## [What to work on]
Beginning at the line that contains "6、鋁合金筒身,防水耐摔。", reproduce the entries below exactly, ending with the line that contains "From Egersund northwards". Omit each picture.

## [Data for this exercise]
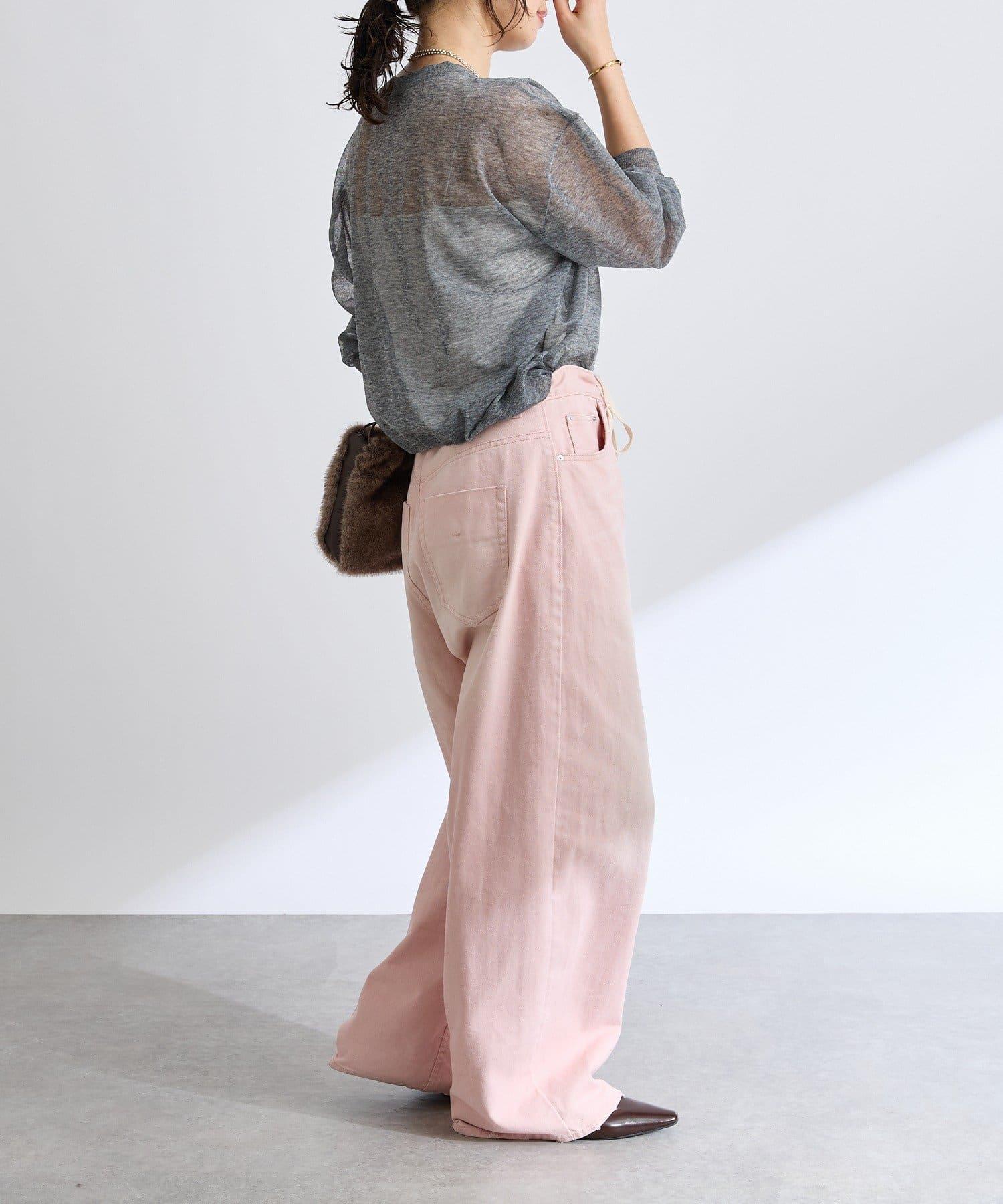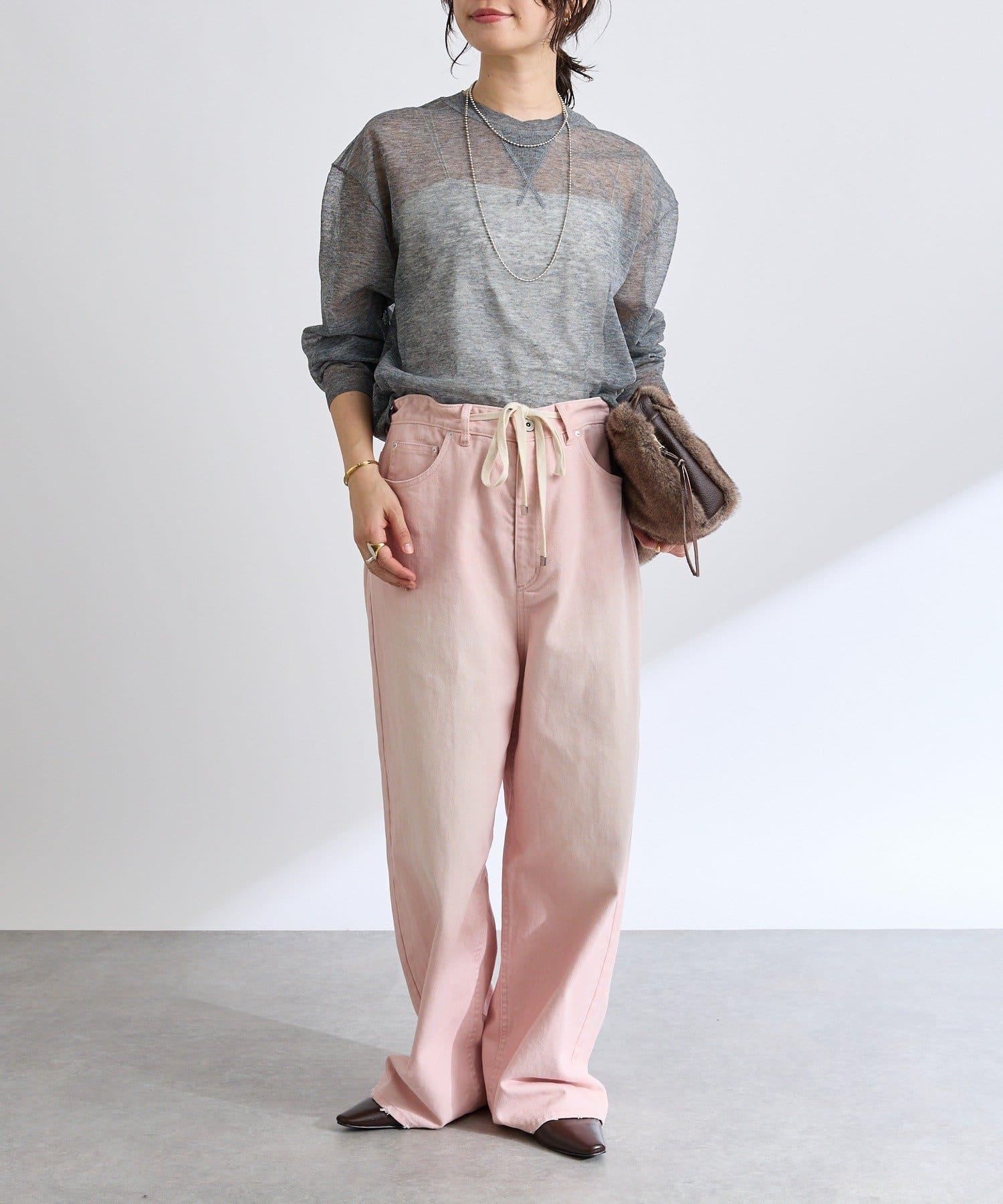 使用的面料比抽繩寬鬆牛仔布略厚。
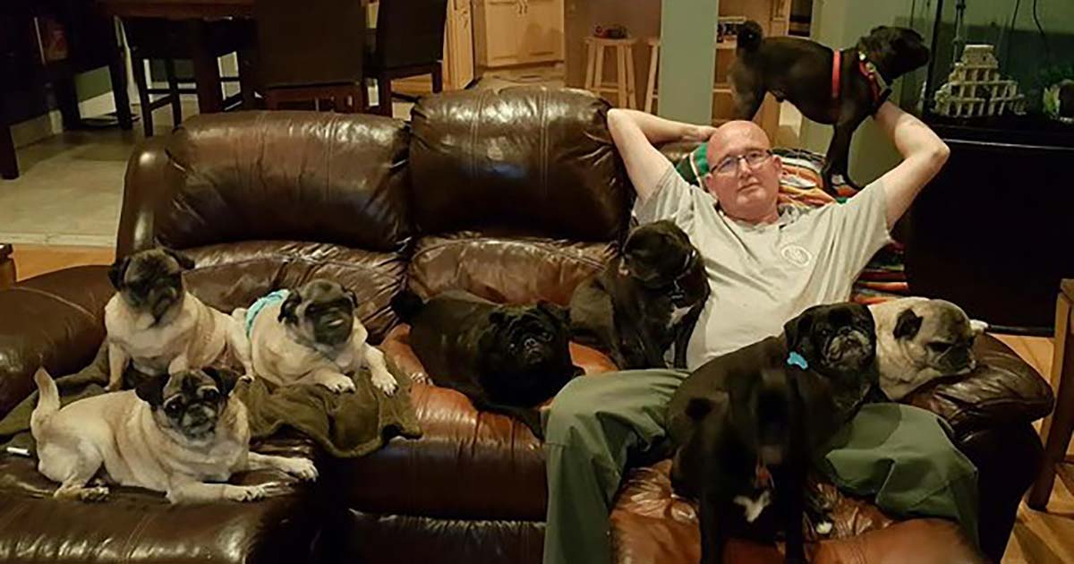 Bridget är itne den första hunden han räddat. Han är aktiv i en lokal djurorganisation som heter Hound in Pounds och har för närvarande åtta små hundar hemma som han tar hand om.
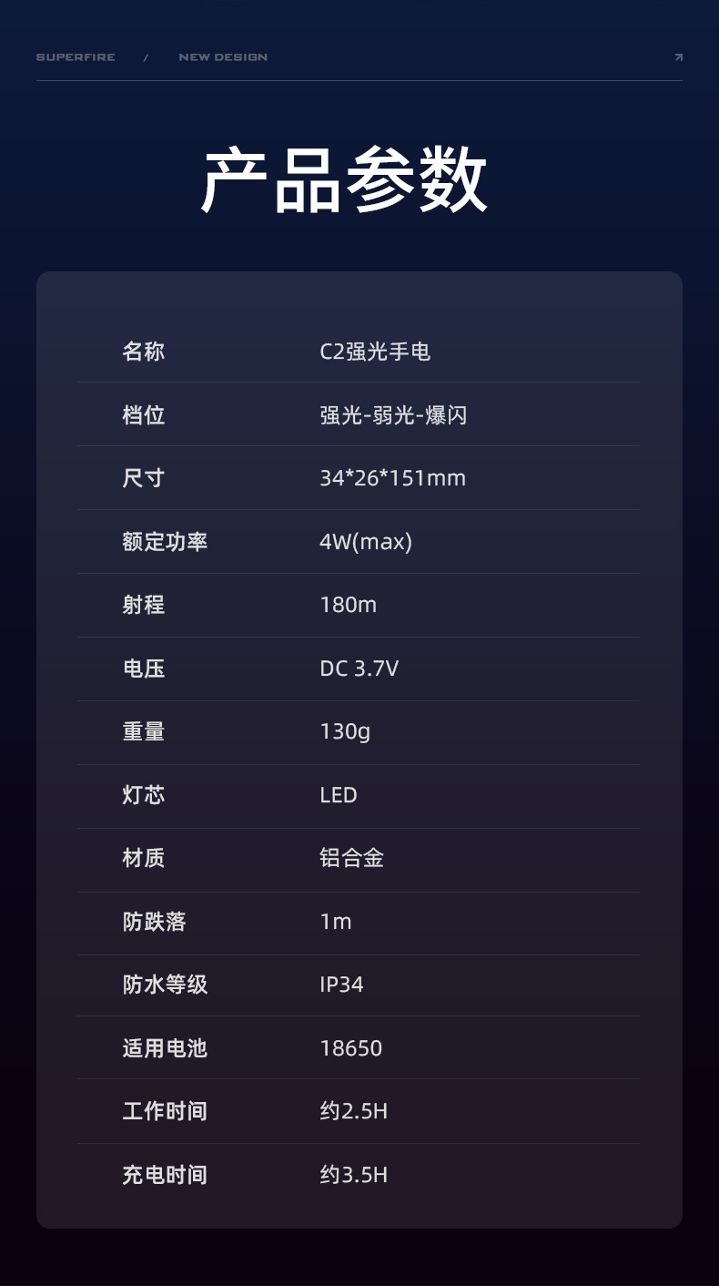 6、鋁合金筒身,防水耐摔。
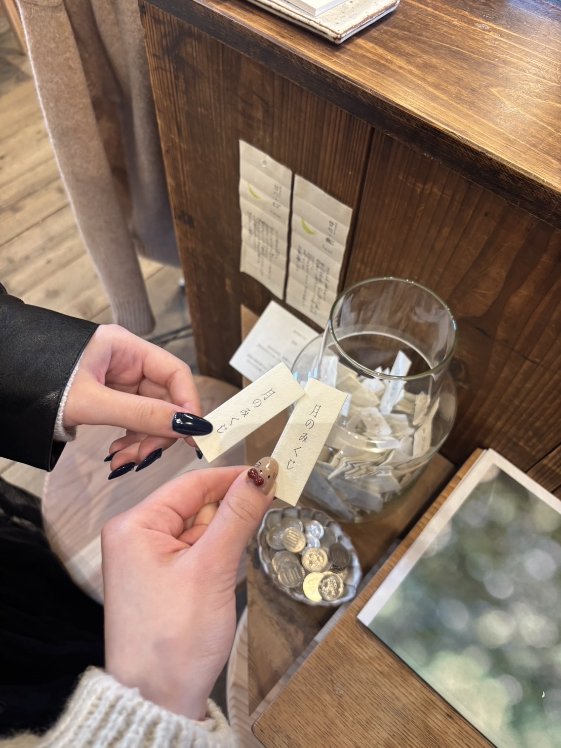 雑貨屋さんには月のイラストと素敵な言葉入りのおみくじがあり、とても惹かれて買いました!
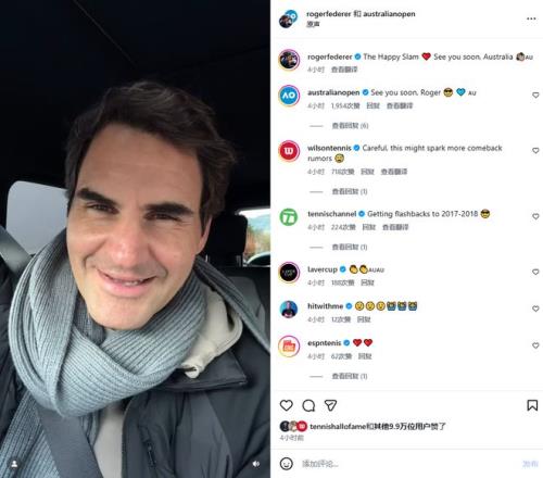 北京時間12月12日,費德勒在社媒發文,宣布將在2026澳網重返墨爾本。
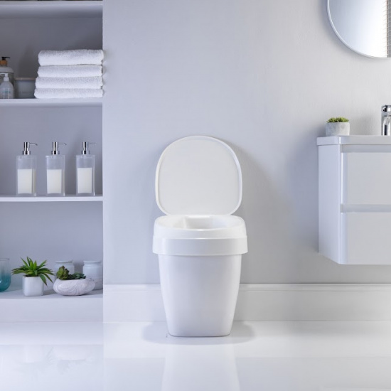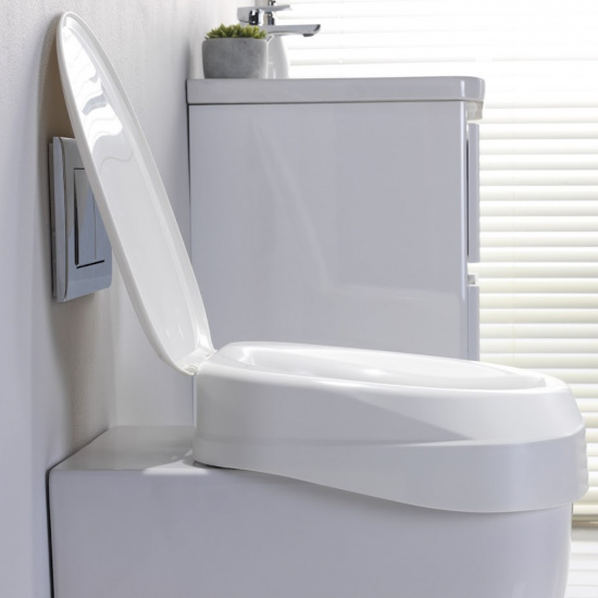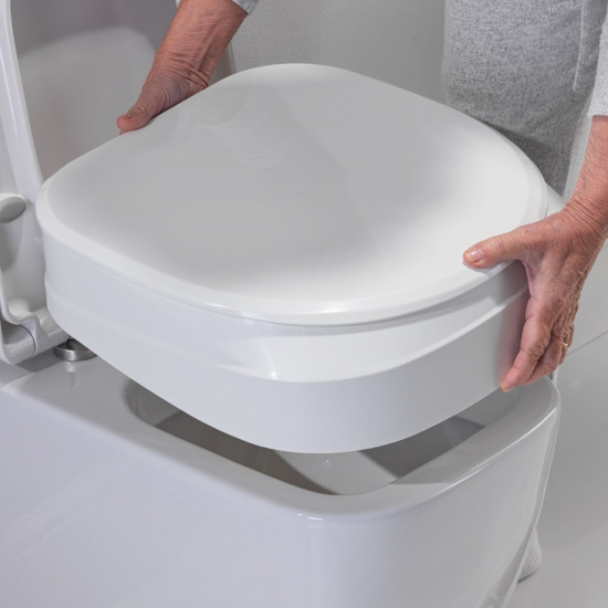 - Поднимает сиденье на 10 см, улучшая доступ к унитазу и облегчая посадку/вставание.
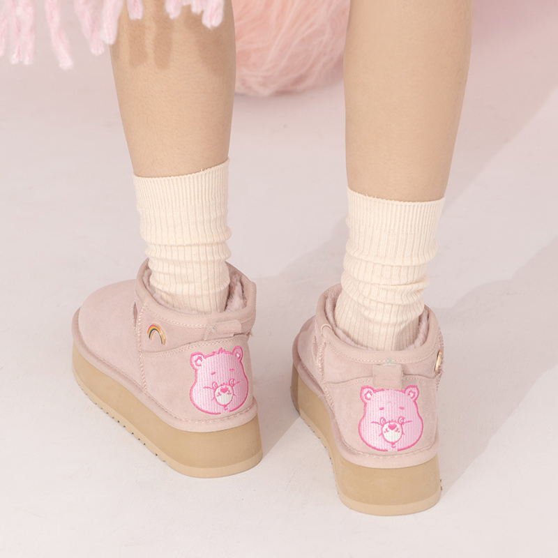 gift Carebears雪地靴女真皮刺绣加绒保暖靴子 Grace 台湾代购
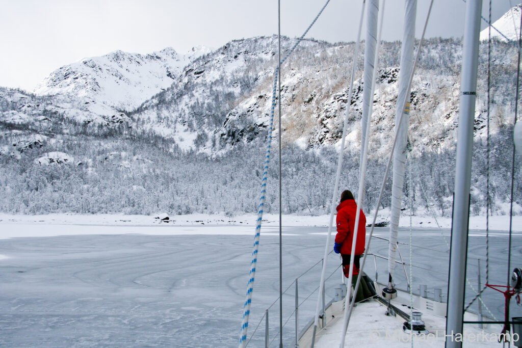 From Egersund northwards some of the fjords may cover with ice, as will shallow anchorages with fresh water entering from rivers or streams, but elsewhere most boats are kept in the water all year. Temperatures at sea level are surprisingly benign; even above the Arctic Circle the temperature is typically around +5°C to -5°C and seldom goes below -10°C. The record nighttime low temperature in Tromsø is only -20°C. Strong winds are more of a problem and a sheltered berth or strong cradle is essential. Again, most of the ice, even deep in the fjords, will be gone by the end of April, unless it is an unusually severe winter.
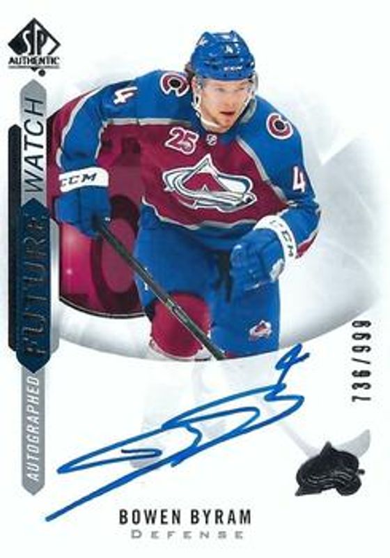 The Bowen Byram 2020 SP Authentic #197 Base /999 Rookie card is 1 of 17 Bowen Byram's card variations in the 2020 SP Authentic set being tracked by Sports Card Investor, including Base /999, Black Gold Ink, Future Watch Acetate, Limited Autographs, and 2000 Retro Sign of the Times Rookies.
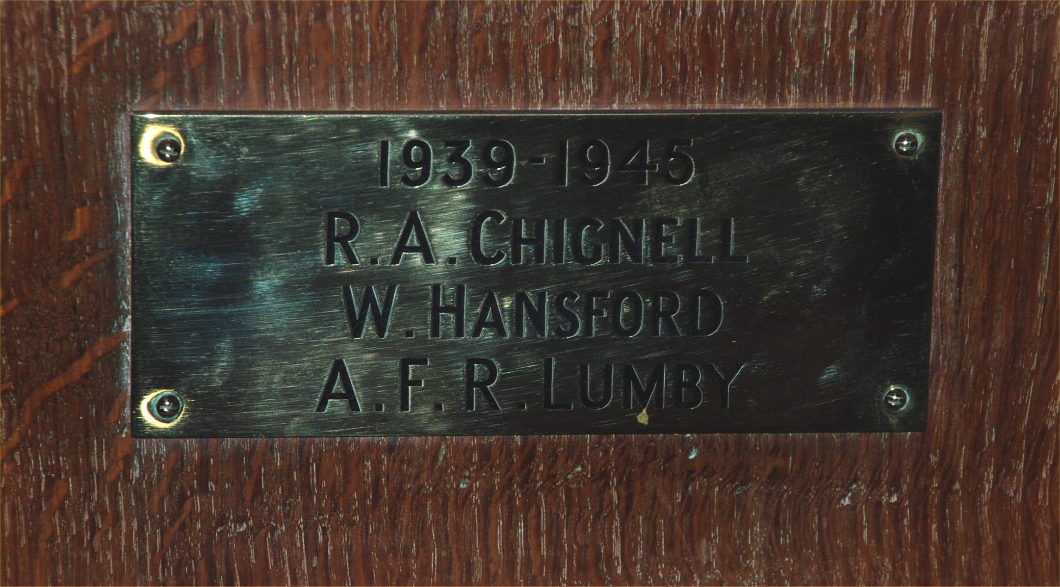 Brass plaque on organ in St Michael & All Angels Church.
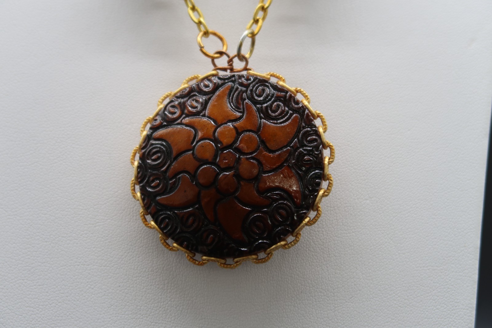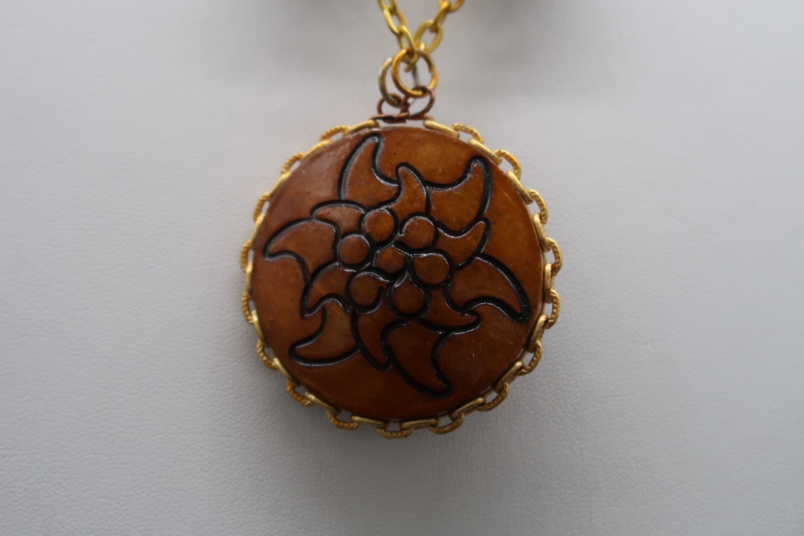 Vintage Double Sided Hand Burned Design Wood Medallion Pendant Necklace

## [Finished task]
 6、鋁合金筒身,防水耐摔。
 雑貨屋さんには月のイラストと素敵な言葉入りのおみくじがあり、とても惹かれて買いました!
 北京時間12月12日,費德勒在社媒發文,宣布將在2026澳網重返墨爾本。
 - Поднимает сиденье на 10 см, улучшая доступ к унитазу и облегчая посадку/вставание.
 gift Carebears雪地靴女真皮刺绣加绒保暖靴子 Grace 台湾代购
 From Egersund northwards some of the fjords may cover with ice, as will shallow anchorages with fresh water entering from rivers or streams, but elsewhere most boats are kept in the water all year. Temperatures at sea level are surprisingly benign; even above the Arctic Circle the temperature is typically around +5°C to -5°C and seldom goes below -10°C. The record nighttime low temperature in Tromsø is only -20°C. Strong winds are more of a problem and a sheltered berth or strong cradle is essential. Again, most of the ice, even deep in the fjords, will be gone by the end of April, unless it is an unusually severe winter.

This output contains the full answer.